Lawmakers in the Senate Finance committee duked it out over prescription drug prices this week – watch the entire hearing here, if you like. While Democrats advocated for negotiating lower Medicare drug prices, Republicans pushed back at the idea calling for it price controls.

What we’re reading

AstraZeneca is considering abandoning efforts to get its COVID-19 vaccine approved in the US if it continues to face regulatory difficulty, according to original reporting in the Financial Times. You can read an open-access version from Reuters here.

The FDA published its annual report on its medical countermeasures (MCMs) program report this week. The agency works with the Department of Defense to maintain the program and the report details of those medical countermeasure activities. This year’s update provides additional information on FDA’s response to COVID-19, and a new infographic that updates its efforts for the start of the public health emergency.

Ellen Sigal, the founder of Friends of Cancer Research (FOCR), reflects on 10 years of the FDA’s breakthrough therapy designation in Nature Reviews Drug Discovery, a publication in the Nature group. She says the program has gone far beyond what she had imagined a decade ago in spurring innovation in new cancer therapies.

On the topic of cancer drugs, a new analysis in BioMed Central looks at the increasing number of anticancer drugs that have been approved based on the results of a single-arm trial.

What’s we’re watching

The FDA is holding a public meeting on March 22 titled “Final Assessment of the Program for Enhanced Review Transparency and Communication in the Biosimilar User Fee Act.” It will include an independent third-party contractor presentation on BsUFA II and take in stakeholder feedback.

On the same day, the Duke Margolis Center for Health Policy is holding a webinar on artificial intelligence/machine learning (AI/ML). It will address frameworks for regulating AI/ML products, good machine learning practices (GMLP) and postmarket evaluation. It will also include a fireside chat with Jeffrey E. Shuren, director of CDRH.

Also up for CDRH is its periodic virtual town hall for COVID-19 test developers on 23 March. As usual, the agency hopes to address technical questions about the development and validation of tests for SARS-CoV-2.

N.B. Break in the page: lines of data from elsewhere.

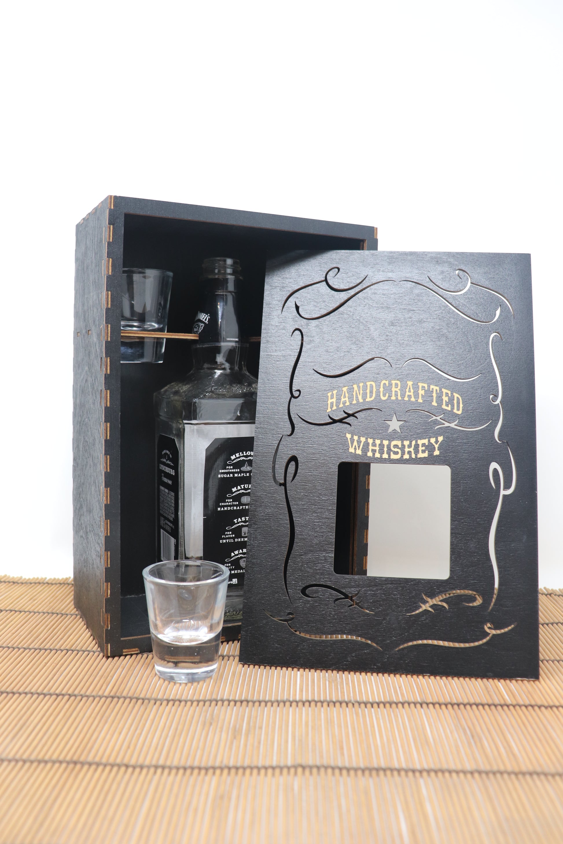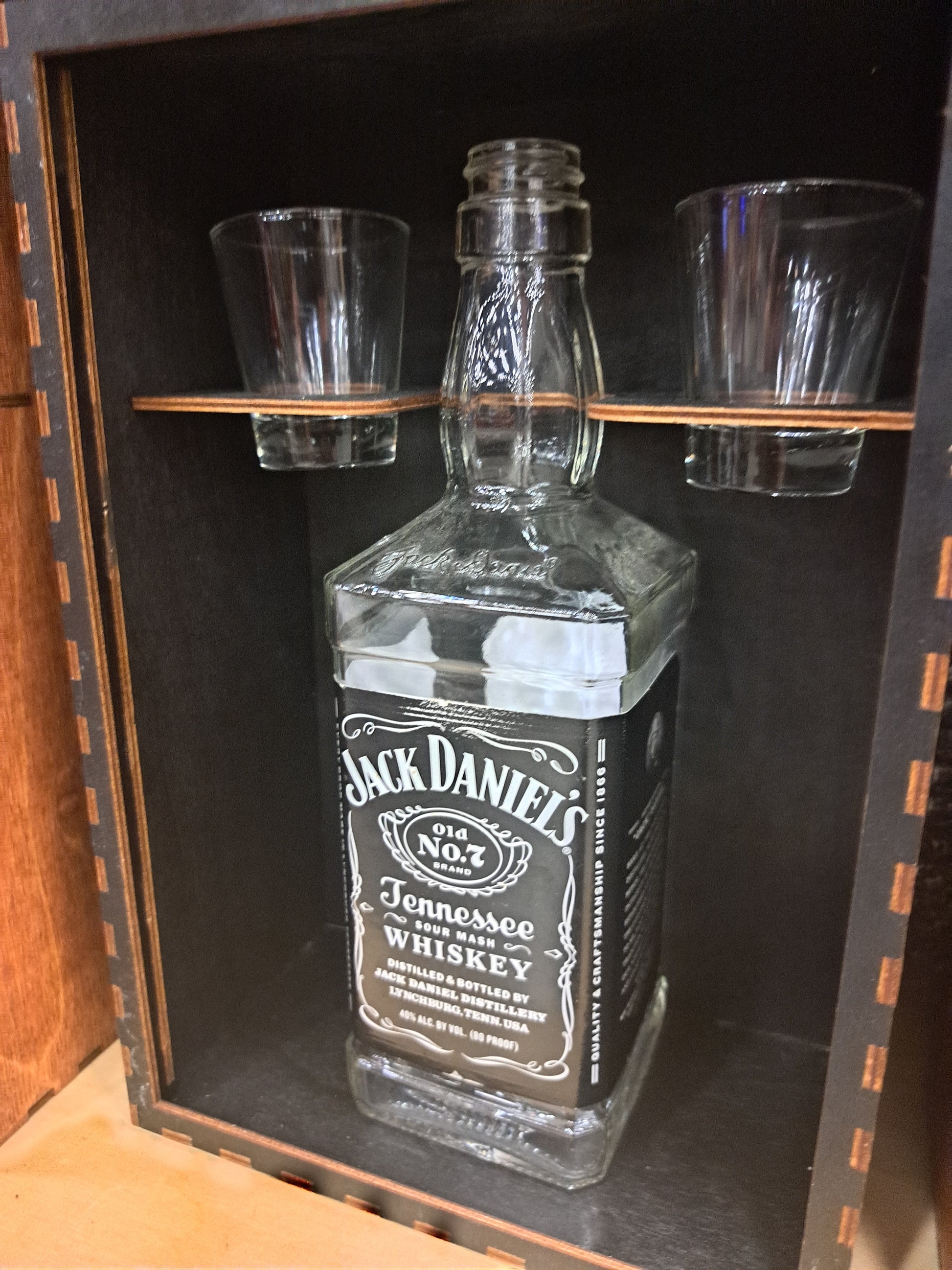 This box come with 2 shot glasses and will fit your favorite Tall 750ml Bottles.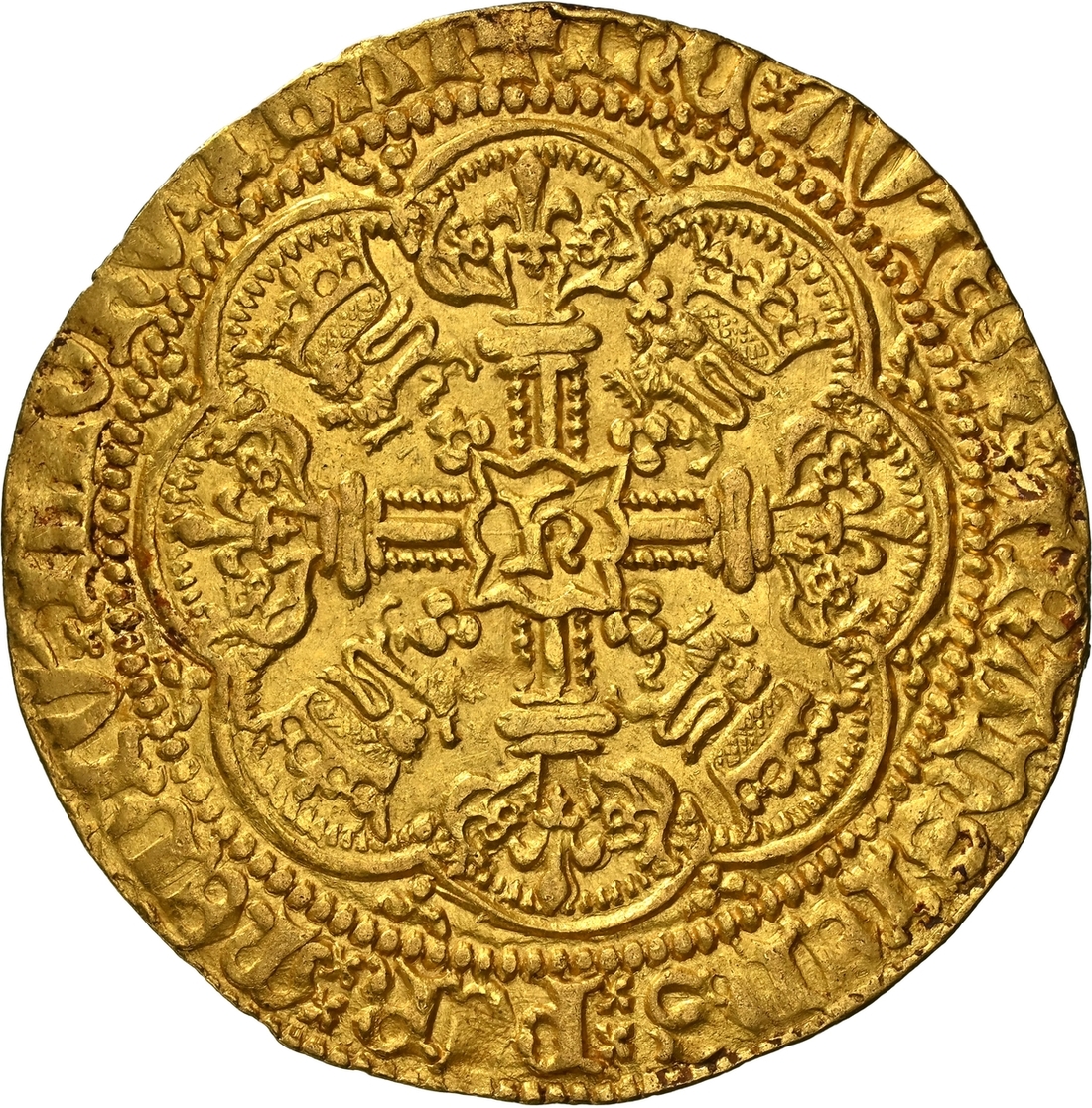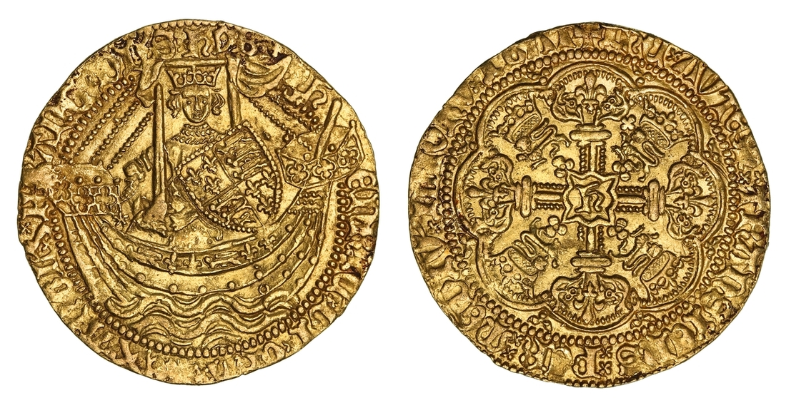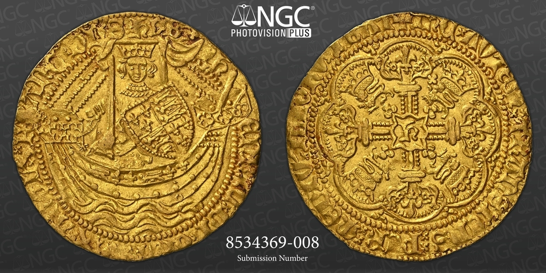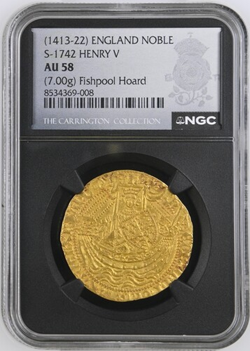 (x) NGC AU58 | Henry V (1413-1422), Noble, Class C, Tower (London), h | EnRIC x' DI x' GRA x' REX x AnGL x' S x' FRAnC x' DnS x hyB, single saltire, King standing in ship, holding sword and shield, mullet by sword, ropes 3/2, ornaments 11-11, quatrefoils 3/3, and quatrefoil above sail, rev. + IhC x' AVTEM : TRANSIENS : PER : MEDIV x' ILLORV x' IBAT, single and double saltire stops, floriate cross, trefoils and crowned leopards in angles, large h at centre, additional quatrefoil in second quarter, 6.980g [107.70grns], 9h, i.m. cross pattée (Brooke IVa/IV; Schneider I, 227; North 1371; S.1742), some peripheral striking softness, nonetheless a truly splendid coin with a magnificent portrait of this celebrated "Agincourt King", lightly toned and lustrous, extremely fine, a superb connoisseur's piece with an exemplary pedigree, in NGC Black 'Carrington' holder, graded AU58 (Cert. #8534369-008)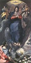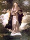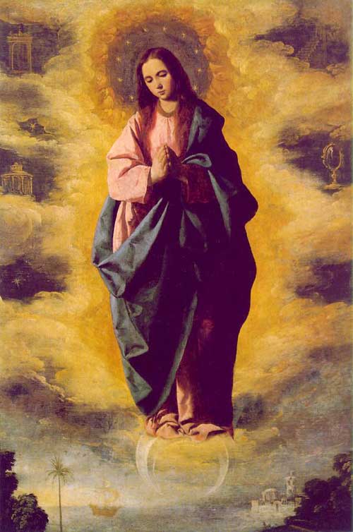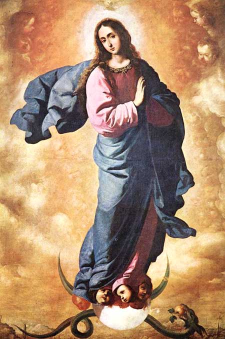 | 聖母マリアは原罪なしに生まれてきたとする教義。 キリストの母マリアは汚れなき存在であり、「情欲の交わりなしに」、母アンナの体に宿ったと説く。 これはキリストが、人間から生まれてきた聖なる人物だとするのに重要な考え方。 美術作品では、合掌した(もしくは胸に手を当てた)少女が足を三日月に載せ天空を降りてくる姿をして、17世紀に多く表された。 蛇を踏みつけているのは、「エヴァの罪」を人間から解き放つためである。 ヨハネ黙示録12:1から、子を宿した黙示録の女を聖母として、これに基づいて描かれる。 「太陽を着て、足の下に月を踏み、その頭には12の星の冠を被っていた」 スペインの画家フランシスコ・パチェコが書いた「絵画術」(1649)で、新しい図像表現について言及している。パチェコは、異端審問所付美術監督官であった。 「聖母は12,3歳の少女で、白い着物の上に青いマントを着け、手を胸に当てて祈っている。月は下向きの三日月とする(純潔を表す古くからの象徴)」 |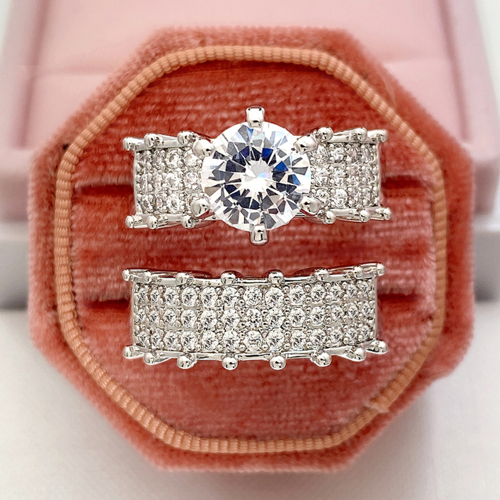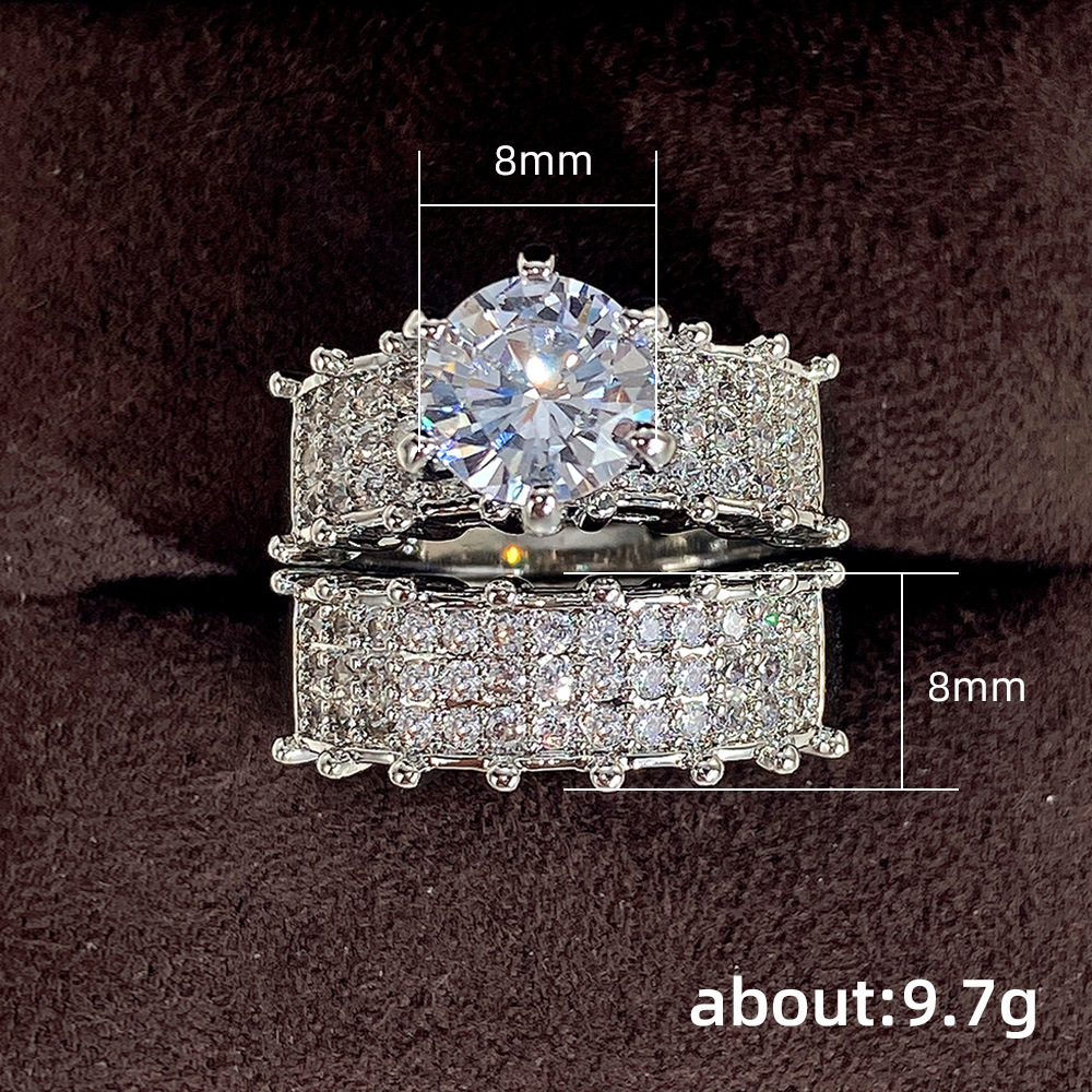 Sparkling double-layer women's ring set, high-end zircon platinum-plated luxury wedding ring, evening bridal jewelry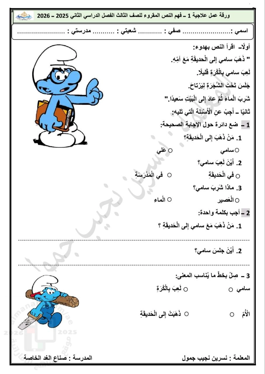 معلومات الملف: ورقة عمل علاجية (١) لفهم النص المقروء – تلخيص · تُعد هذه الورقة نشاطًا علاجيًّا لطلاب الصف الثالث الابتدائي، الفصل الدراسي الثاني (2025–2026)، لتنمية مهارة فهم النص المقروء. · تشتمل الورقة على نص قصير يدور حول طفل يدعى سامي، ذهب مع أمه إلى الحديقة، حيث لعب بالكرة قليلًا، ثم جلس تحت الشجرة ليرتاح، وشرب الماء قبل العودة إلى البيت سعيدًا. | ||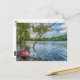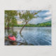 Um cartão postal com um caiaque vermelho flutua perto da margem perto de uma pequena árvore torta em uma manhã nublada de verão em Oak Grove Arkansas, Estados Unidos no Table Rock Lake. Procurando mais impressões ou produtos? Sinta-se à vontade para visitar minha loja: http://www.zazzle.com/timelessmomentsphtgy

FDA’s CDER and its Biomarker Working Group is holding a virtual workshop between 23-24 March to discuss multi-component biomarker concepts and terminology, and address gaps in those concepts and terminologies.

The Office of Management and Budget (OMB) reports that it received a draft guidance from the FDA on 11 March titled, “Cybersecurity in Medical Devices: Quality System Considerations and Content of Premarket Submissions.” The executive agency is reviewing the guidance.

Rep. Michael Burgess (R-TX), reportedly is submitting a bill (HR 7084) to the House Energy and Commerce Committee. The initial language of the bill seems to require that all connected medical devices need to show reasonable assurance of safety and effectiveness throughout the product’s lifecycle.

© 2022 Regulatory Affairs Professionals Society.